Alec descorchó la botella de vino. Maison Inouï era el sello enológico de la familia y las ocasiones especiales, como ésa, merecían las mejores cosechas.
Buscó en una estantería superior y sacó un par de copas de vino.
Después de mirar a su alrededor con curiosidad, Charlotte se detuvo en medio de la habitación.
El le señaló uno de los taburetes sin respaldo que estaban al otro lado de la barra americana.
– Siéntate.
Charlotte vaciló un instante y entonces se sentó.
El le puso una copa de vino sobre la mesa.
– Gracias -dijo ella.
Alec recordaba muy bien aquella expresión enigmática; un escudo de formalidad bajo el que debía de ocultarse una rebelde luchadora que se revolvía bajo las ataduras del decoro. Había intentado poner a prueba la teoría aquel día en Roma, pero el viejo embajador le había parado los pies y no había tenido más remedio que olvidar la decepción que se había llevado en los brazos de otras mujeres, que iban y venían rápidamente como pajarillos en un día de primavera.

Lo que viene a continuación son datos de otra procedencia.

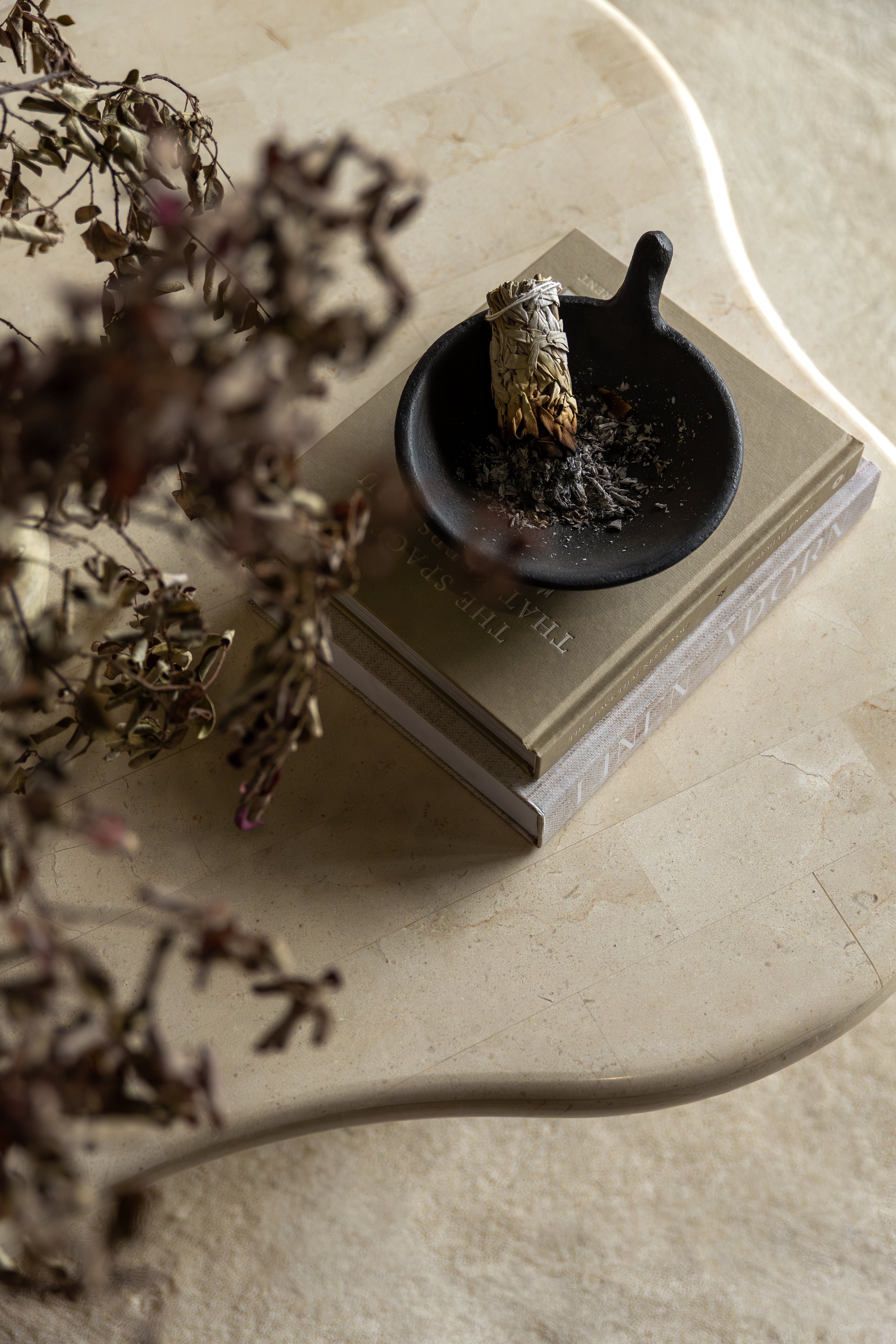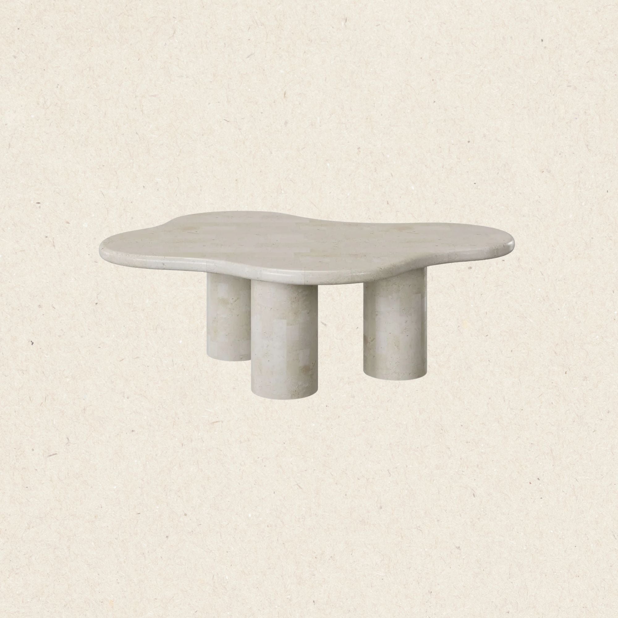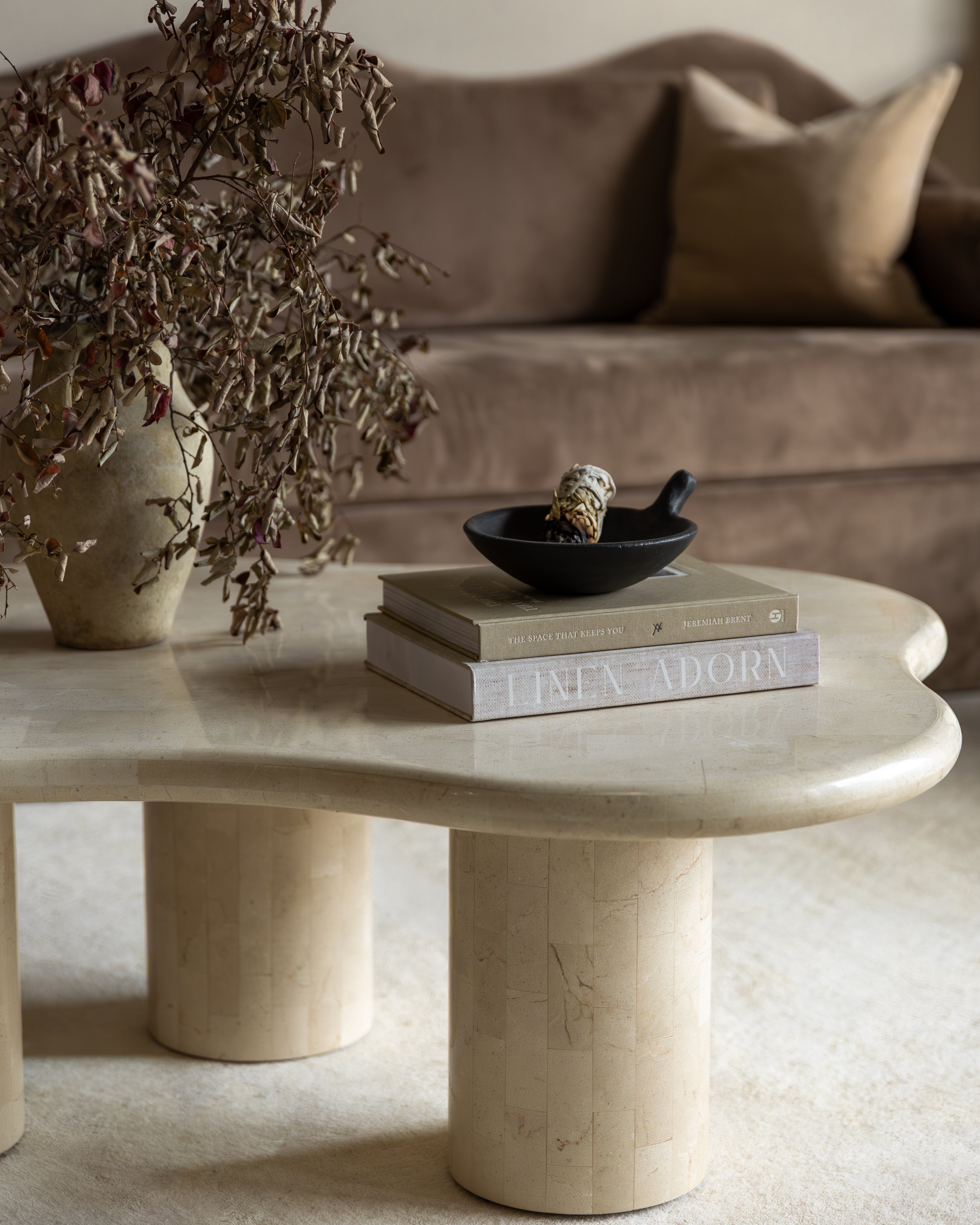 An En Gold design favourite, the Paradis Coffee Table is reimagined in Spanish Beige Marble. Its organic, cloud-like silhouette rests on three cylindrical legs, striking a balance between softness and structural form.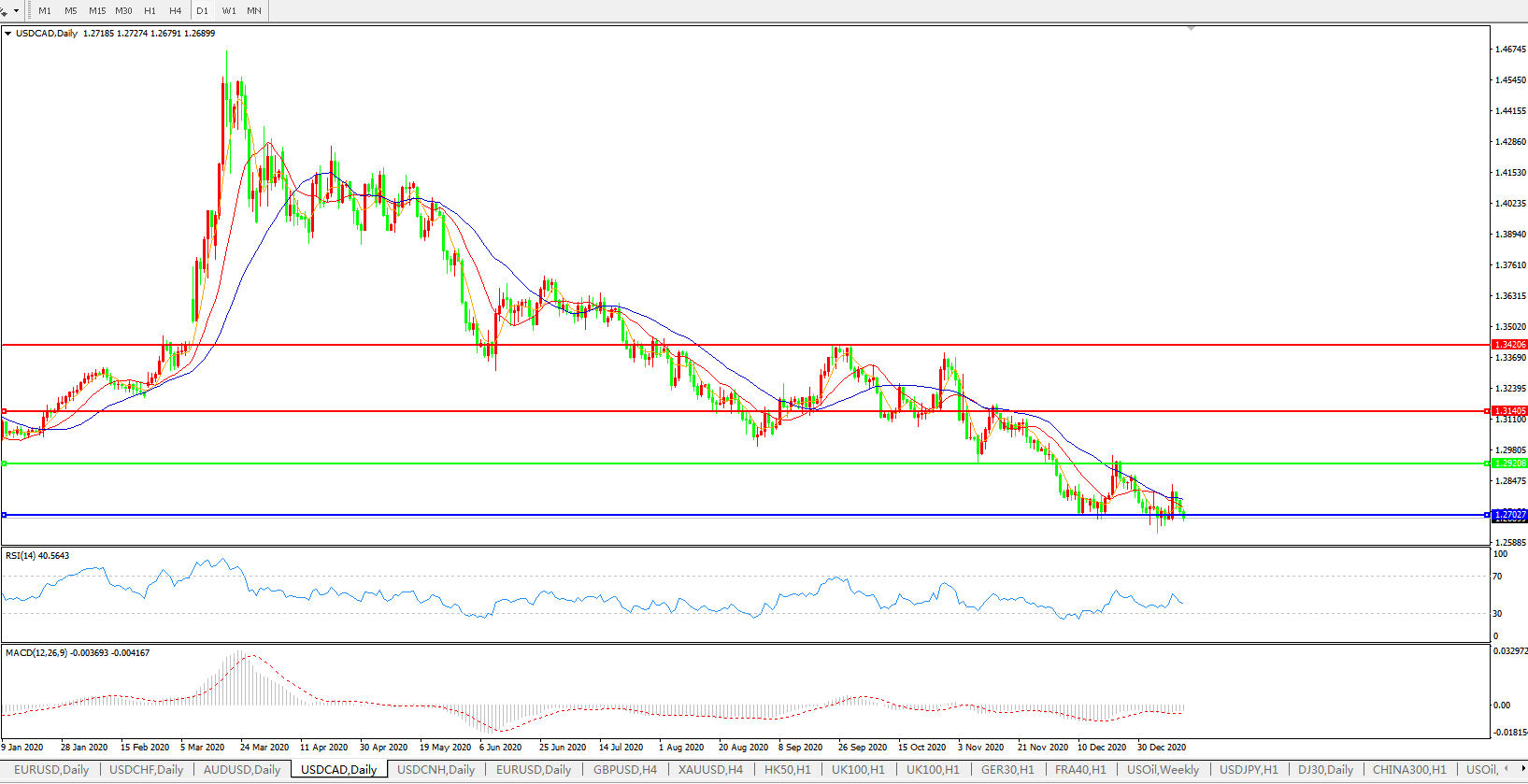 美元兑加元USDCAD 日线图:

Levantó la copa de vino y bebió un pequeño sorbo, deleitándose con el profundo sabor añejo del mejor caldo francés.
A veces un hombre conseguía una segunda oportunidad y ésa era la suya.
El vino estaba delicioso, así que rellenó la copa.
Charlotte probó el suyo y su mirada no dejó lugar a dudas.
– Muy bueno -le dijo con respeto.
– Es de nuestros viñedos de Burdeos.
– Impresionante.
El sonrió.
– La pissaladière -dijo, sacando un bol de metal de debajo de la encimera. Buscó harina, levadura, azúcar y aceite de oliva.
Charlotte le observó con asombro.
– ¿Sabes cocinar?
– Por supuesto -echó algo de azúcar en el bol, añadió la levadura y un poquito de agua.